* **EXERCISE**: Transcribe, starting at the line with "Jacinto City Welcome sign" and ending at the line with "The Dahuting Tomb", every line of the material below exactly, but leave out the pictures and anything outside that span.
DATA SUPPLIED Block Start
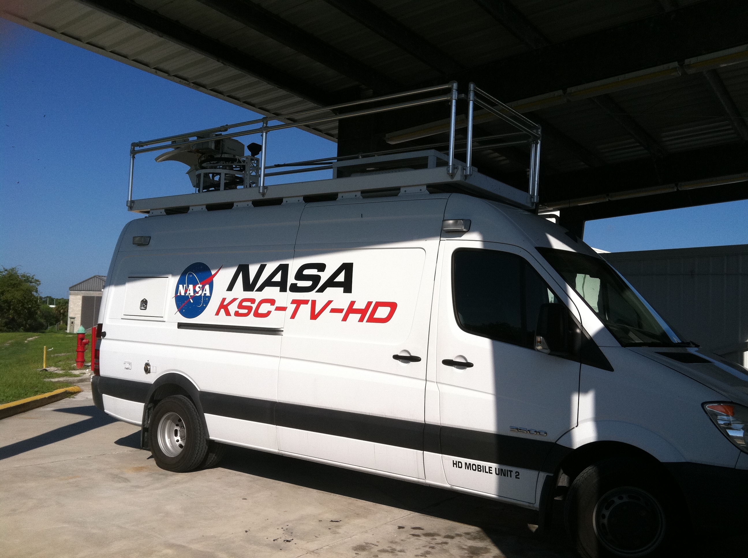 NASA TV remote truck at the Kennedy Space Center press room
DATA SUPPLIED Block End
DATA SUPPLIED Block Start
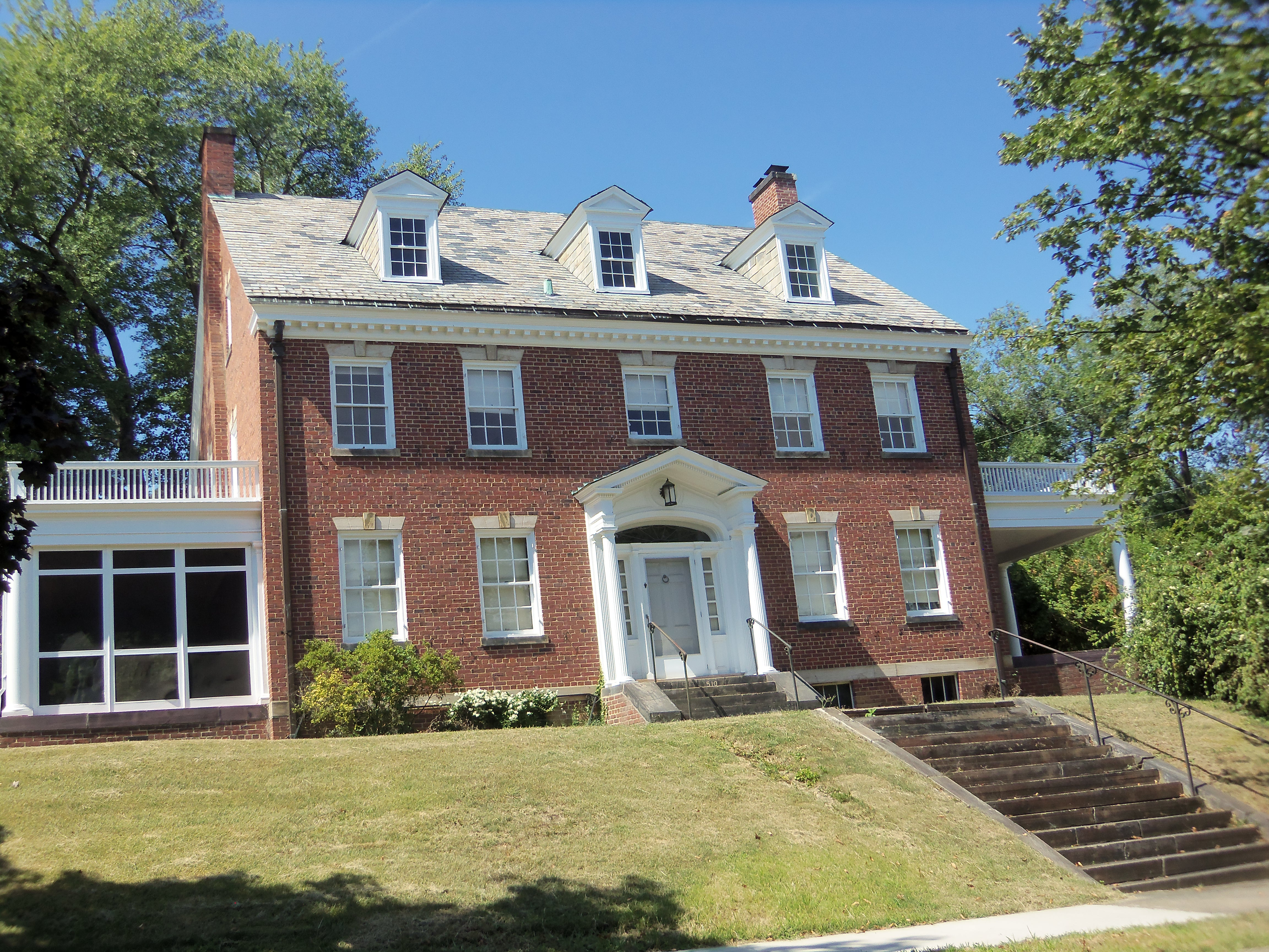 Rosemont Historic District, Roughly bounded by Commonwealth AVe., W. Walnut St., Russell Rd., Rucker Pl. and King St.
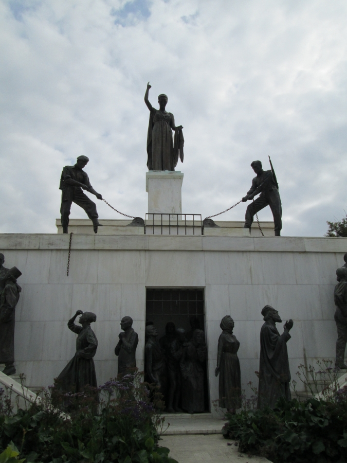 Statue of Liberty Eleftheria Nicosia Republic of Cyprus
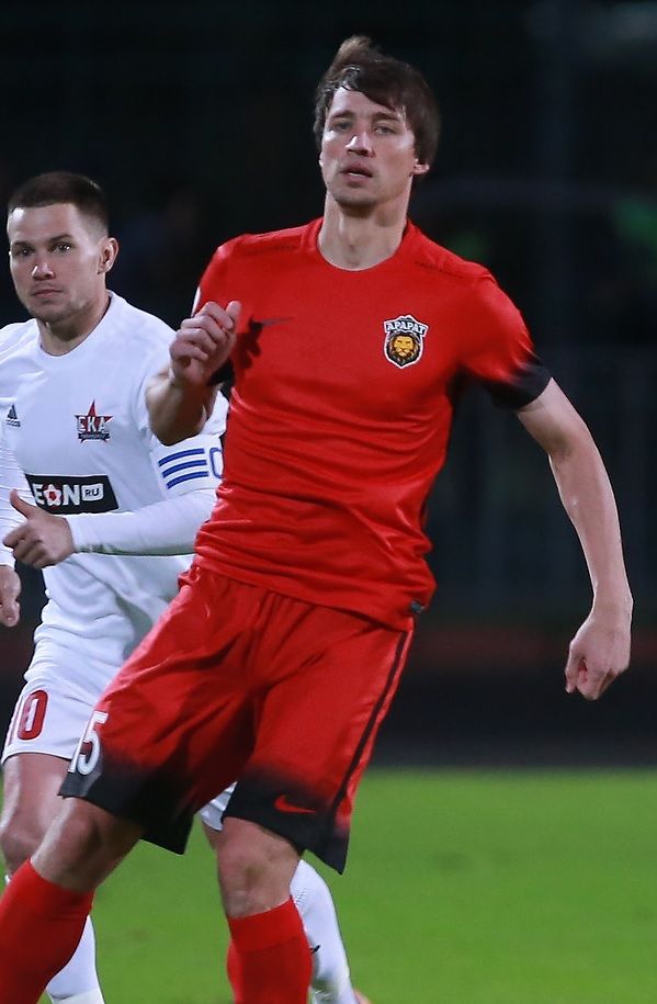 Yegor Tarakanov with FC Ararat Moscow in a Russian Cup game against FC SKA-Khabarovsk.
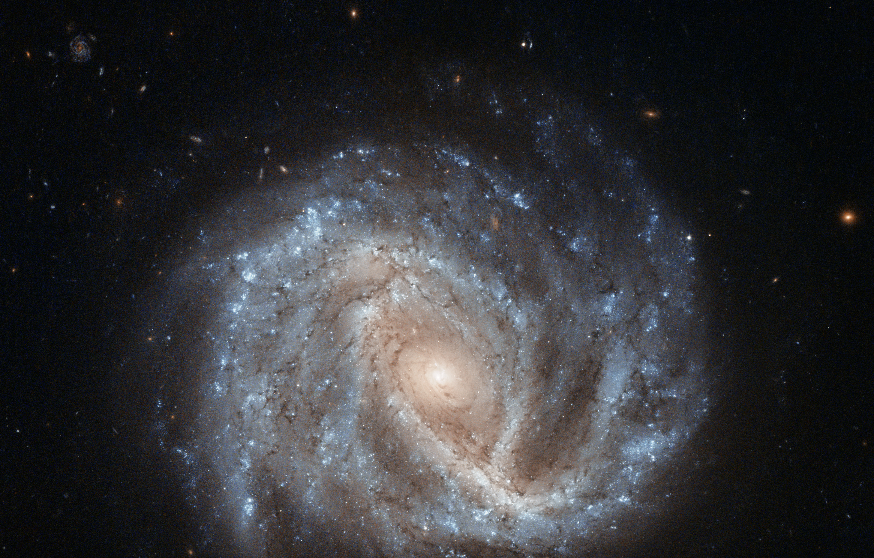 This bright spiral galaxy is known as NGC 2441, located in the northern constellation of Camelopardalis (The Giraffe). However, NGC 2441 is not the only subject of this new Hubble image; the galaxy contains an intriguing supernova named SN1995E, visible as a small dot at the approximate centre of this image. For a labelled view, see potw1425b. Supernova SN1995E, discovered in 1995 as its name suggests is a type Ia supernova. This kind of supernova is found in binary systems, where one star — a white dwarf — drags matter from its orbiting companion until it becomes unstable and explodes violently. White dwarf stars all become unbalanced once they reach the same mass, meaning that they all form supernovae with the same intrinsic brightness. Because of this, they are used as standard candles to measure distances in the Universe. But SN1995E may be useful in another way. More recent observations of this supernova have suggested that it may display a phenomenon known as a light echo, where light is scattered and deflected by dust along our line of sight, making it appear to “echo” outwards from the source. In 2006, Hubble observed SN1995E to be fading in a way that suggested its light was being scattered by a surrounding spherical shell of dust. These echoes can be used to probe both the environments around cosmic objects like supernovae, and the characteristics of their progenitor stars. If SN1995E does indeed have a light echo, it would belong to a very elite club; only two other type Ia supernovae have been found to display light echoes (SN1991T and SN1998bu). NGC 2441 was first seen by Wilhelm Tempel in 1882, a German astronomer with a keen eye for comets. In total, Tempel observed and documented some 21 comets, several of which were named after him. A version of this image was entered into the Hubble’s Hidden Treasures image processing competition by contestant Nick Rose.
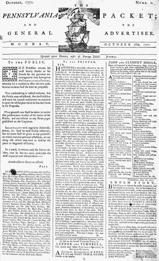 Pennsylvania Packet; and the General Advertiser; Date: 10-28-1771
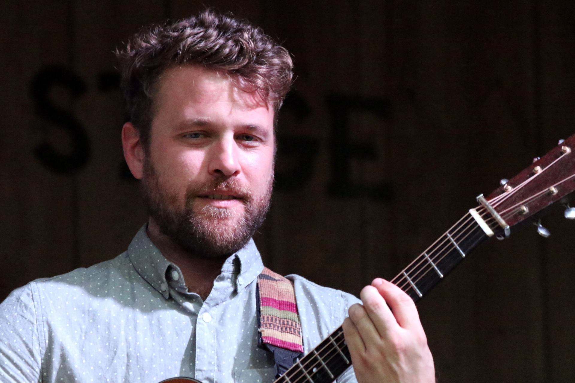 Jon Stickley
DATA SUPPLIED Block End
DATA SUPPLIED Block Start
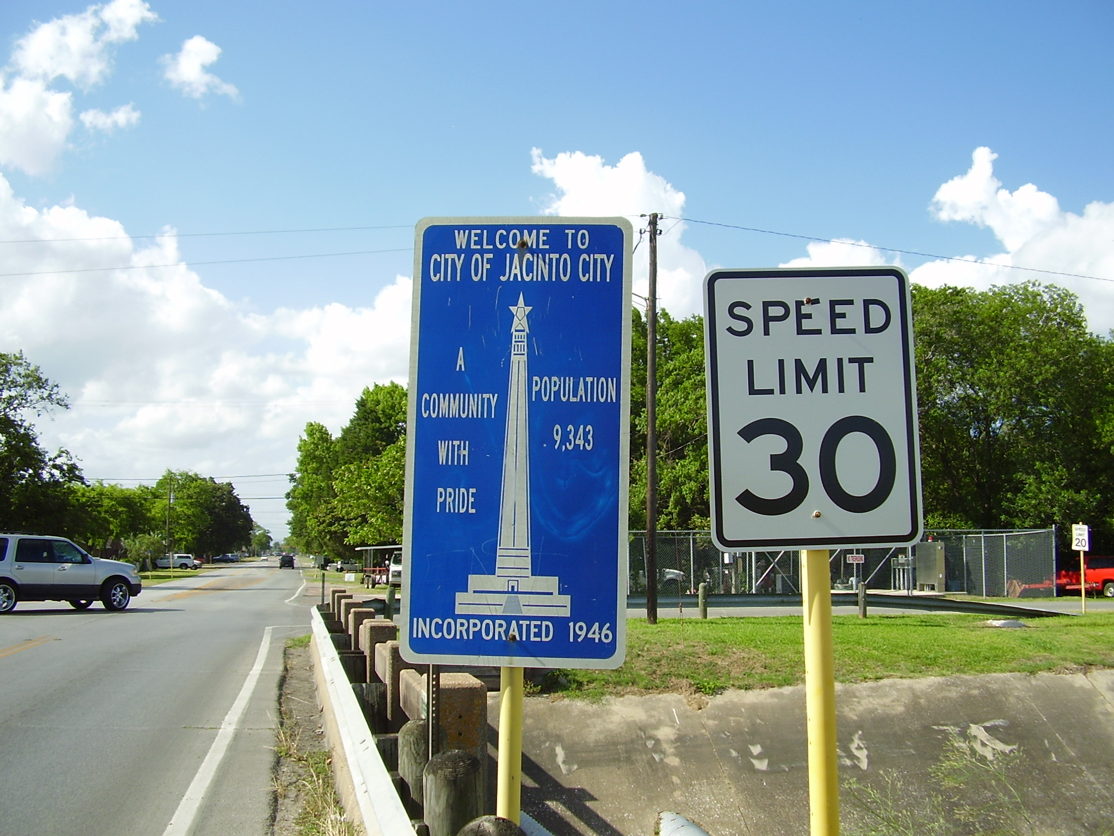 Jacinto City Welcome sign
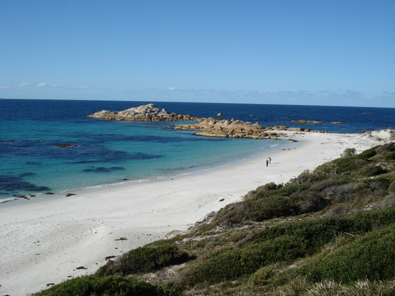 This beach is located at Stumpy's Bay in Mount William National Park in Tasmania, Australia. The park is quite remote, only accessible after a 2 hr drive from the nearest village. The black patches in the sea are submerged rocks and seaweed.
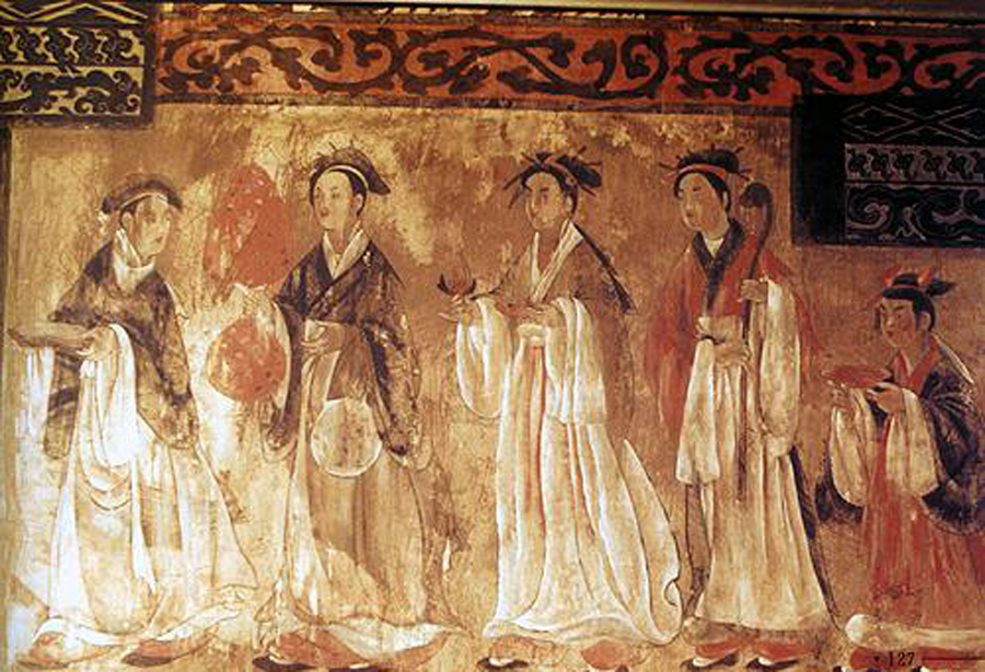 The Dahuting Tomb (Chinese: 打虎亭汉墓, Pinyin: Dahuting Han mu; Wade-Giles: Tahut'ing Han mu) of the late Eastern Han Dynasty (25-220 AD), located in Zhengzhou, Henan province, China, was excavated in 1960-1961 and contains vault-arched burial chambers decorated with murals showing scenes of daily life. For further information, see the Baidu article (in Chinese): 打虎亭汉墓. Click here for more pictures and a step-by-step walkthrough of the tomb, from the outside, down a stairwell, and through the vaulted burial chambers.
DATA SUPPLIED Block End
* **ANSWER AREA**:
 Jacinto City Welcome sign
 This beach is located at Stumpy's Bay in Mount William National Park in Tasmania, Australia. The park is quite remote, only accessible after a 2 hr drive from the nearest village. The black patches in the sea are submerged rocks and seaweed.
 The Dahuting Tomb (Chinese: 打虎亭汉墓, Pinyin: Dahuting Han mu; Wade-Giles: Tahut'ing Han mu) of the late Eastern Han Dynasty (25-220 AD), located in Zhengzhou, Henan province, China, was excavated in 1960-1961 and contains vault-arched burial chambers decorated with murals showing scenes of daily life. For further information, see the Baidu article (in Chinese): 打虎亭汉墓. Click here for more pictures and a step-by-step walkthrough of the tomb, from the outside, down a stairwell, and through the vaulted burial chambers.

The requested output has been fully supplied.